Supplied material section start
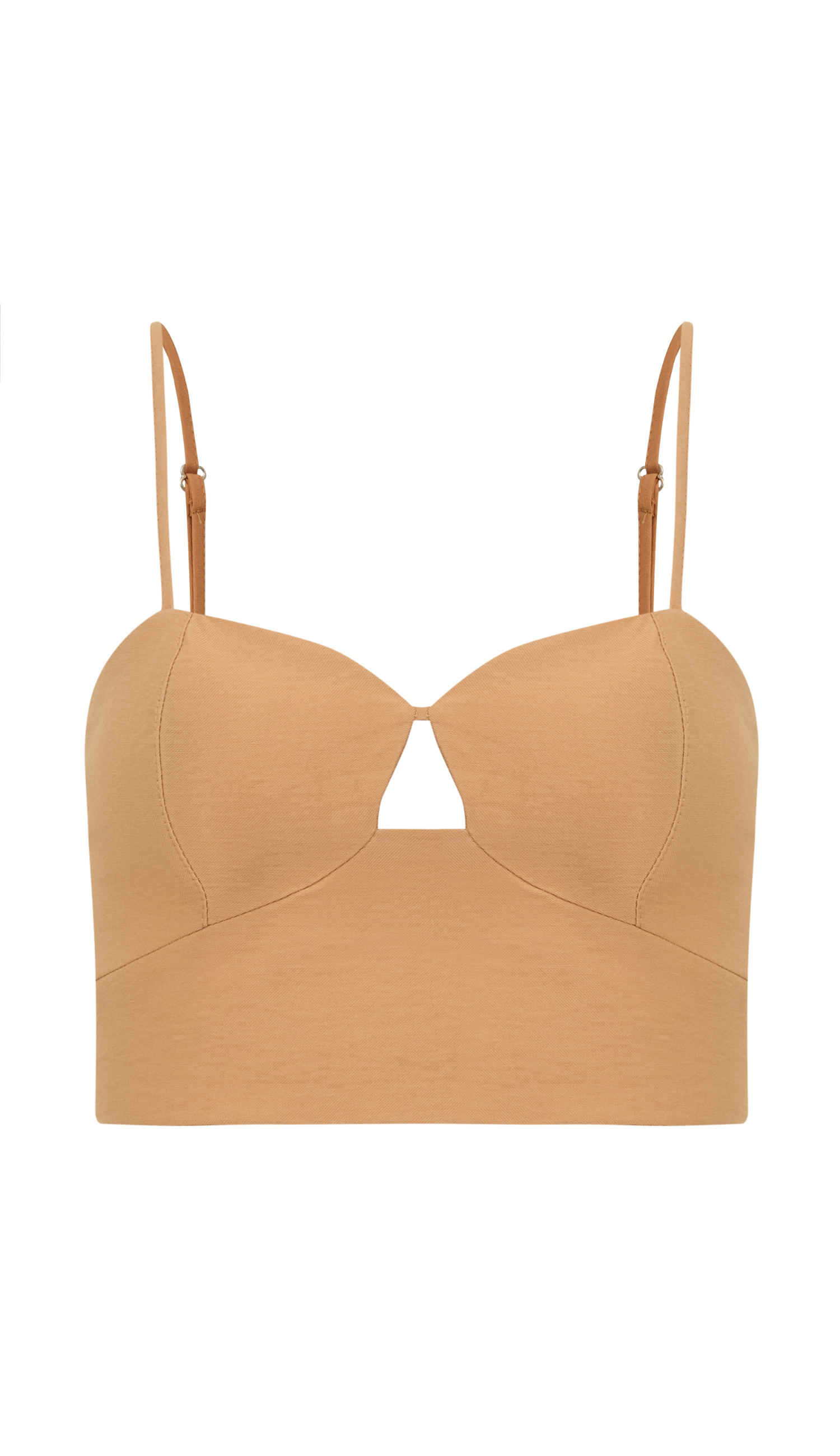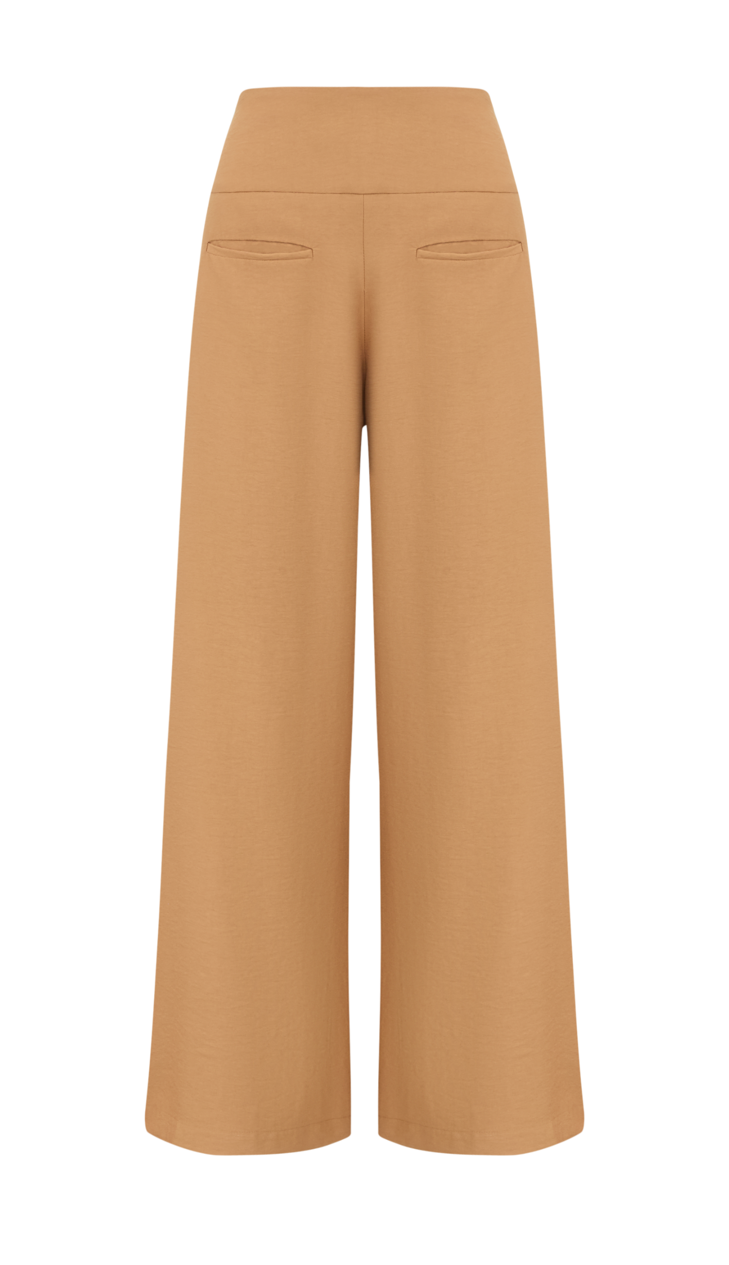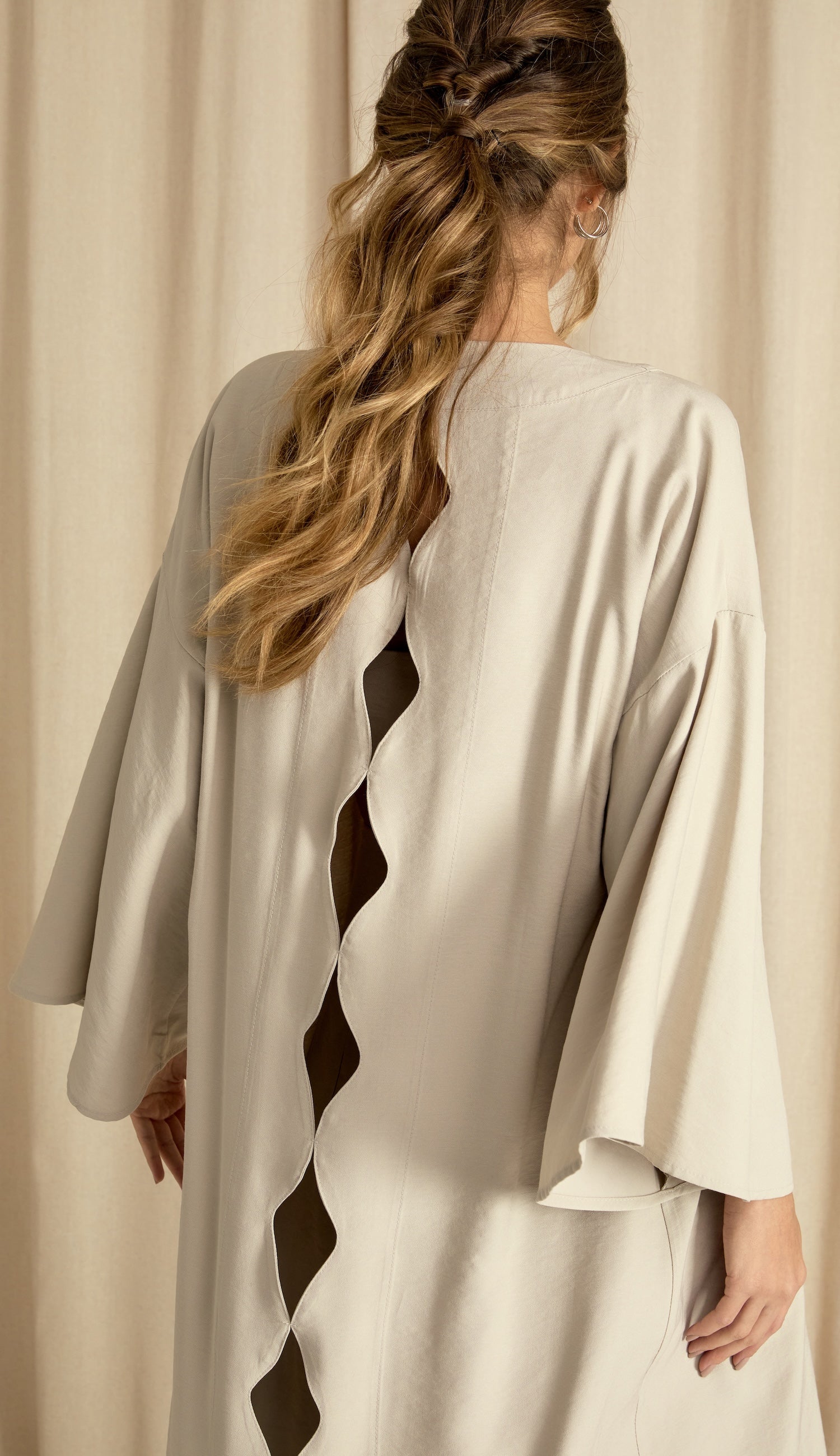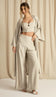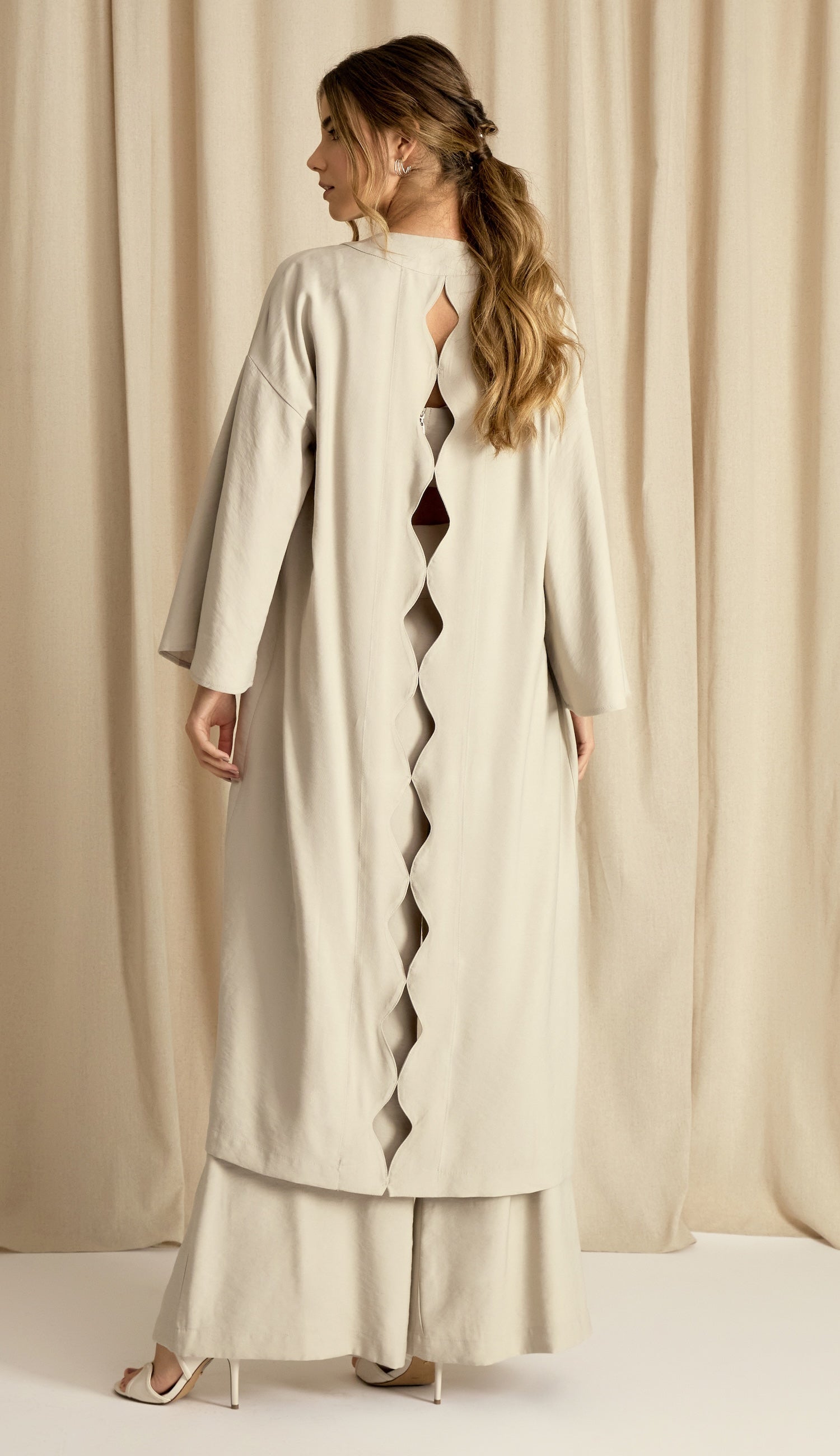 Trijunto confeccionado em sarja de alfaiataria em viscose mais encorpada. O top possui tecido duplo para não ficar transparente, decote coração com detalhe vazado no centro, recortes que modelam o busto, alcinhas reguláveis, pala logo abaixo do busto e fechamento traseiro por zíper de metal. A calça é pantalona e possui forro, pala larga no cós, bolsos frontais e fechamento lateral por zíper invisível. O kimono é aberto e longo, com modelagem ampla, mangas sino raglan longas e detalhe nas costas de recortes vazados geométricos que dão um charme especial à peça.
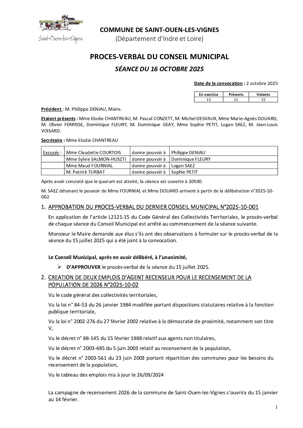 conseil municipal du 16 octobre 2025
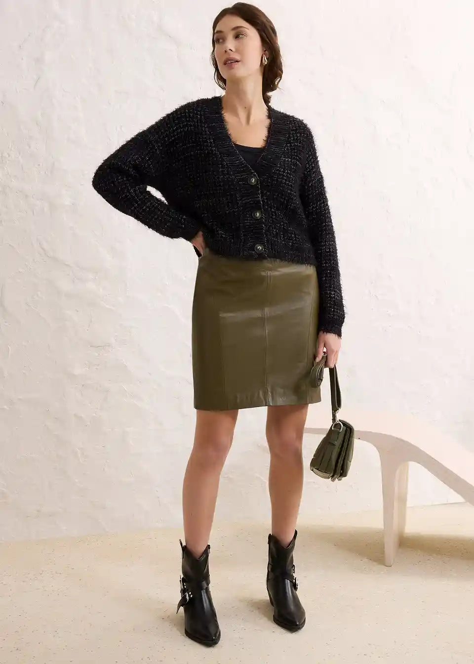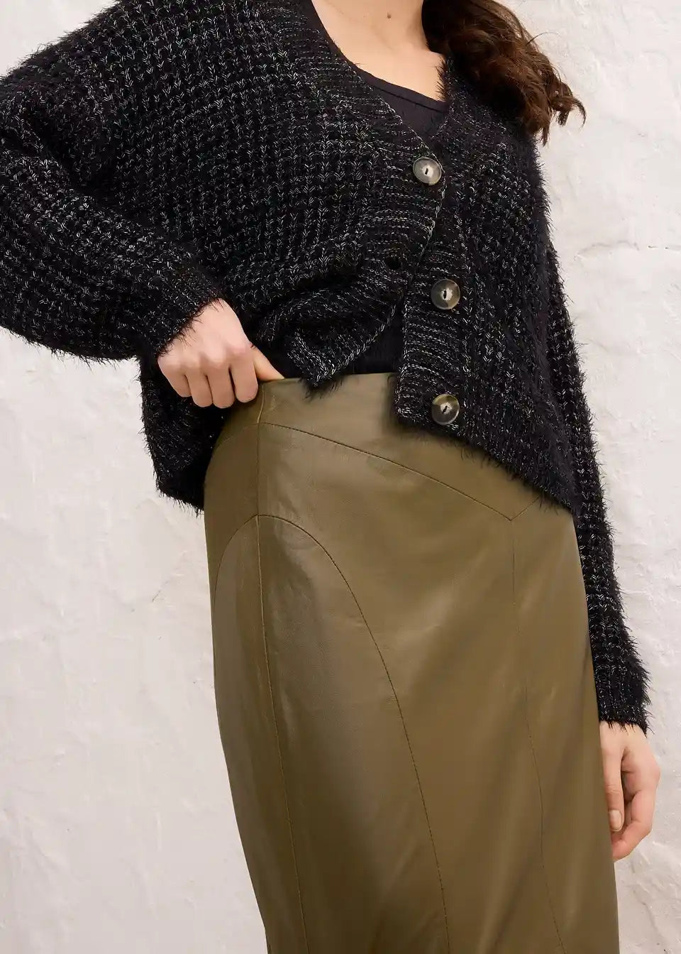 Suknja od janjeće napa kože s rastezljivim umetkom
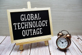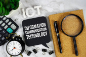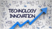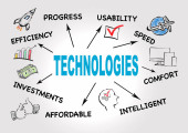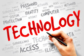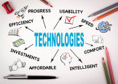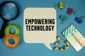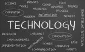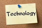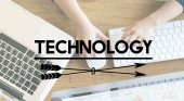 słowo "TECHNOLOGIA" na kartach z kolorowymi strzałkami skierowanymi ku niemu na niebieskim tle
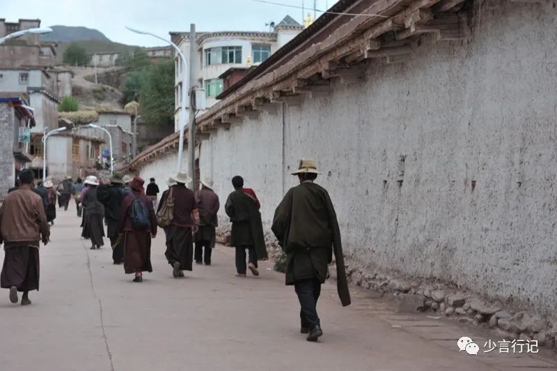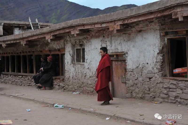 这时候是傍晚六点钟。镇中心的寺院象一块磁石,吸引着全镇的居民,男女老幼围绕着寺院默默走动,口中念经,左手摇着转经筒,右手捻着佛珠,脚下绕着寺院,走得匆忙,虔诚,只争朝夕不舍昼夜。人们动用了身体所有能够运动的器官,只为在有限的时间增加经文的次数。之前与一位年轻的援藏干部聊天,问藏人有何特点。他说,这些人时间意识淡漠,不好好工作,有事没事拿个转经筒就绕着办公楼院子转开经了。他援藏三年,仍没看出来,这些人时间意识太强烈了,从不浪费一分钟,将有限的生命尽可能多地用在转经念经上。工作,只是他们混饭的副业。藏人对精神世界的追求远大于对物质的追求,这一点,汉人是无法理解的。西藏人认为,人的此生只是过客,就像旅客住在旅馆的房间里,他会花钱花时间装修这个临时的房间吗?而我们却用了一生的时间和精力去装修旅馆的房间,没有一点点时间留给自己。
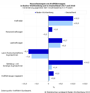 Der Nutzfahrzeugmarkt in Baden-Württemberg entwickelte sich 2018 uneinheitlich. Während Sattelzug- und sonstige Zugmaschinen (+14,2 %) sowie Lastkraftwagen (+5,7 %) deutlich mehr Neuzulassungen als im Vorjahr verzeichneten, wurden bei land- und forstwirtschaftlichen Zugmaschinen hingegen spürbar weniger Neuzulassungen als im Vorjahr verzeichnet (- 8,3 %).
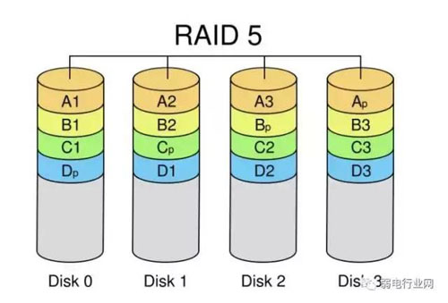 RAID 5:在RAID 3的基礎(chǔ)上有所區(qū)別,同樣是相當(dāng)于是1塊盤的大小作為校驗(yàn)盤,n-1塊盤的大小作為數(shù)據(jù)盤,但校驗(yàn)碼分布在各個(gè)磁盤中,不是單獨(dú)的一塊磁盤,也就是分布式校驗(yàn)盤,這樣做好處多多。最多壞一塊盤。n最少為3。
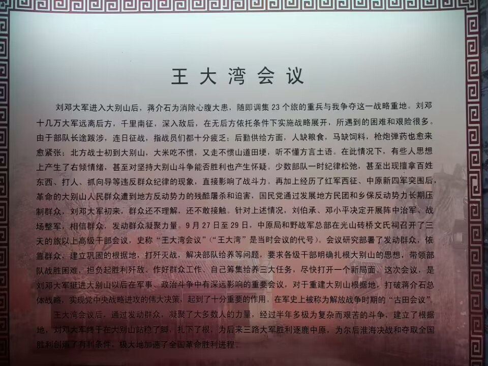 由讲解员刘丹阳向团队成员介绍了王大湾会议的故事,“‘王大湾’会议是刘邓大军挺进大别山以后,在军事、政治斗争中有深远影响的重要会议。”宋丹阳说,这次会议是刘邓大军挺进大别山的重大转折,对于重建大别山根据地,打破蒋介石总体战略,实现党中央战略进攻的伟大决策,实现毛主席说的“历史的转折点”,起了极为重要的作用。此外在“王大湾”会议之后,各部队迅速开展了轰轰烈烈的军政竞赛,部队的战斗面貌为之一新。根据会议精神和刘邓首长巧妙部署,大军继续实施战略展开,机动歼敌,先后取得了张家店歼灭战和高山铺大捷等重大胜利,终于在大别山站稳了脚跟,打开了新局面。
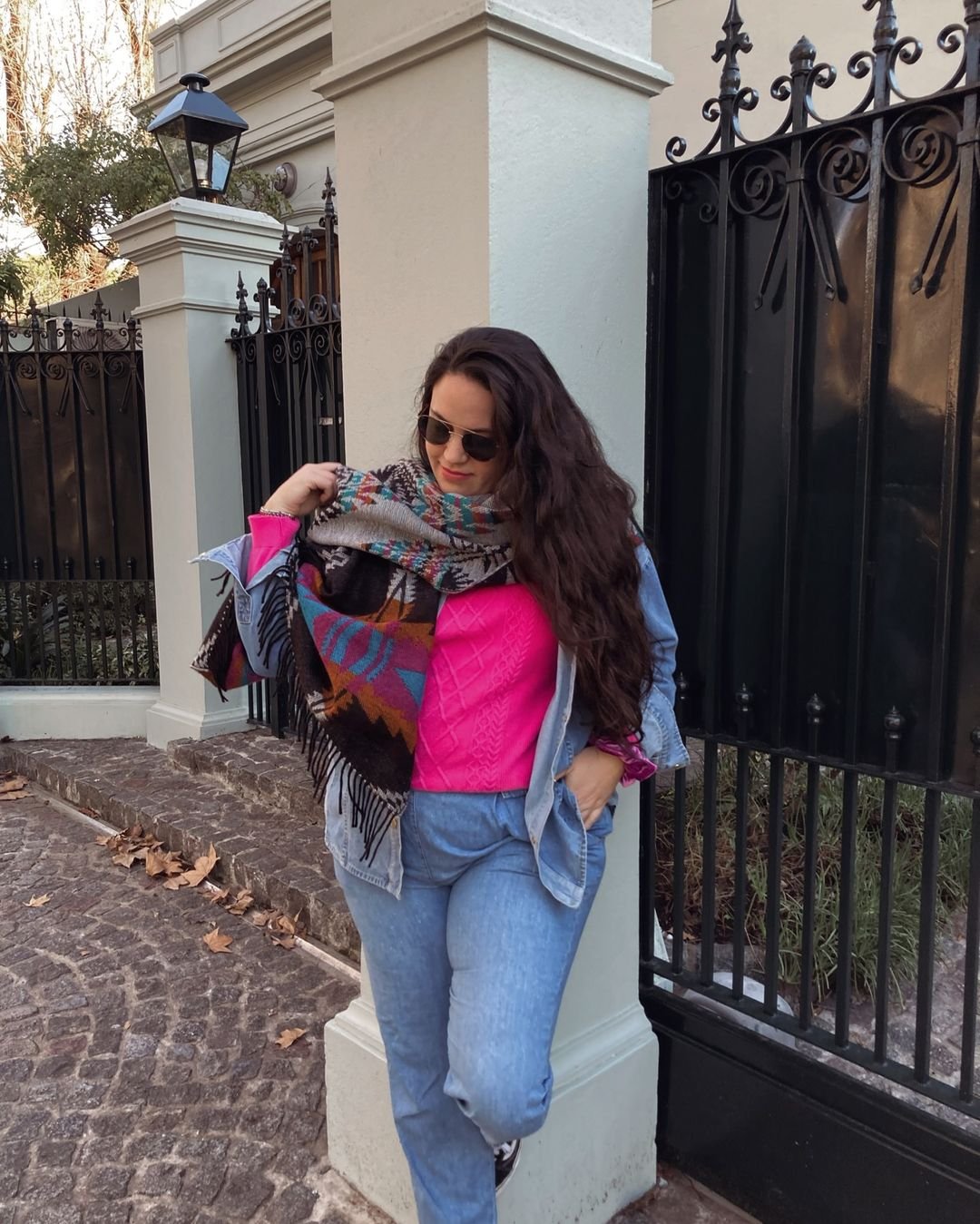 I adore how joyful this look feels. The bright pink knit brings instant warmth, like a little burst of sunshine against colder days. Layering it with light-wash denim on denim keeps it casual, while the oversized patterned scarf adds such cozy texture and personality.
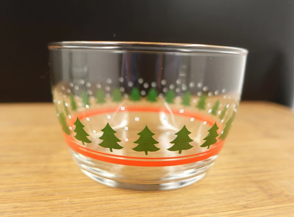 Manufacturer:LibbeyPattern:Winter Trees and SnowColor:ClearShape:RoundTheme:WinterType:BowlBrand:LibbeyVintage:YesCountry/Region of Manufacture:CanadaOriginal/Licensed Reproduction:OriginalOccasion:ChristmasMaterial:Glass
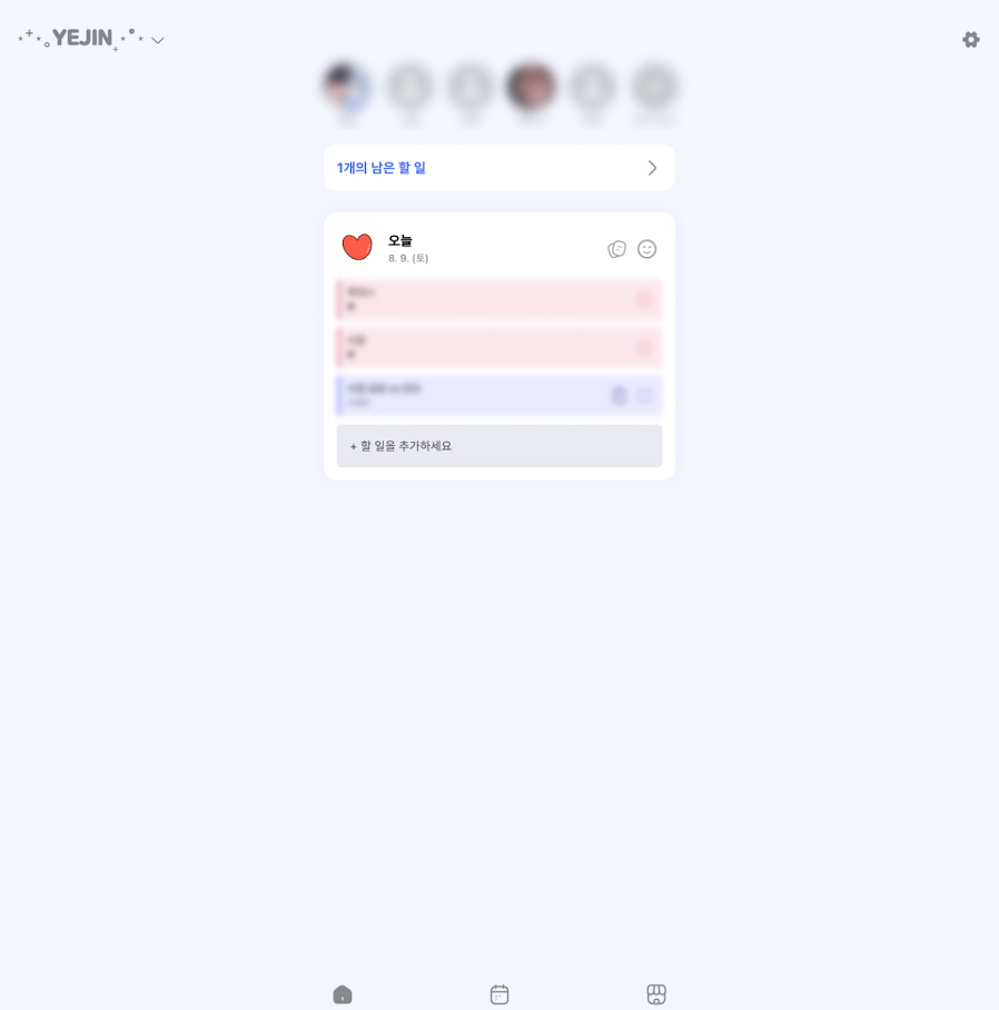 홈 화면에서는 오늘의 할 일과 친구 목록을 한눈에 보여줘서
Supplied material section end
## [The task]
Only exact copies are wanted here. Write out the lines from the one containing "由讲解员刘丹阳向团队成员介绍" through the end of the material and no others, omitting all pictures.

## [Result below]
 由讲解员刘丹阳向团队成员介绍了王大湾会议的故事,“‘王大湾’会议是刘邓大军挺进大别山以后,在军事、政治斗争中有深远影响的重要会议。”宋丹阳说,这次会议是刘邓大军挺进大别山的重大转折,对于重建大别山根据地,打破蒋介石总体战略,实现党中央战略进攻的伟大决策,实现毛主席说的“历史的转折点”,起了极为重要的作用。此外在“王大湾”会议之后,各部队迅速开展了轰轰烈烈的军政竞赛,部队的战斗面貌为之一新。根据会议精神和刘邓首长巧妙部署,大军继续实施战略展开,机动歼敌,先后取得了张家店歼灭战和高山铺大捷等重大胜利,终于在大别山站稳了脚跟,打开了新局面。
 I adore how joyful this look feels. The bright pink knit brings instant warmth, like a little burst of sunshine against colder days. Layering it with light-wash denim on denim keeps it casual, while the oversized patterned scarf adds such cozy texture and personality.
 Manufacturer:LibbeyPattern:Winter Trees and SnowColor:ClearShape:RoundTheme:WinterType:BowlBrand:LibbeyVintage:YesCountry/Region of Manufacture:CanadaOriginal/Licensed Reproduction:OriginalOccasion:ChristmasMaterial:Glass
 홈 화면에서는 오늘의 할 일과 친구 목록을 한눈에 보여줘서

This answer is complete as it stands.